*** Opening of GIVEN INFORMATION ***
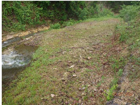
Principal spillway channel
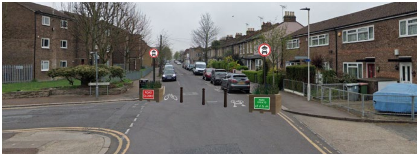
Indicative location of one of the modal filters on Odessa Rd, looking north towards Waltham Forest.
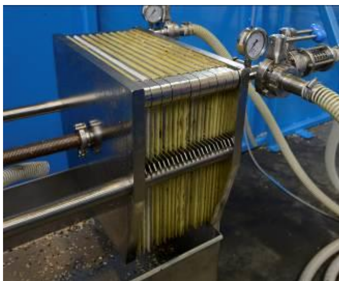
Fig. 6 PS3 - Desk filtration

When choosing suitable capacity of filtration it is necessary to result from the volume of oil production (depending on the type of oilseeds and its oiliness). In most cases the capacity of filtration is being purchased with extra back-up performance for possible enlarging the pressing capacities.
*** Close of GIVEN INFORMATION ***
TASK STATEMENT:
Set down all of the data word for word; no pictures belong in it.

ANSWER BOX:
Principal spillway channel
Indicative location of one of the modal filters on Odessa Rd, looking north towards Waltham Forest.
Fig. 6 PS3 - Desk filtration

When choosing suitable capacity of filtration it is necessary to result from the volume of oil production (depending on the type of oilseeds and its oiliness). In most cases the capacity of filtration is being purchased with extra back-up performance for possible enlarging the pressing capacities.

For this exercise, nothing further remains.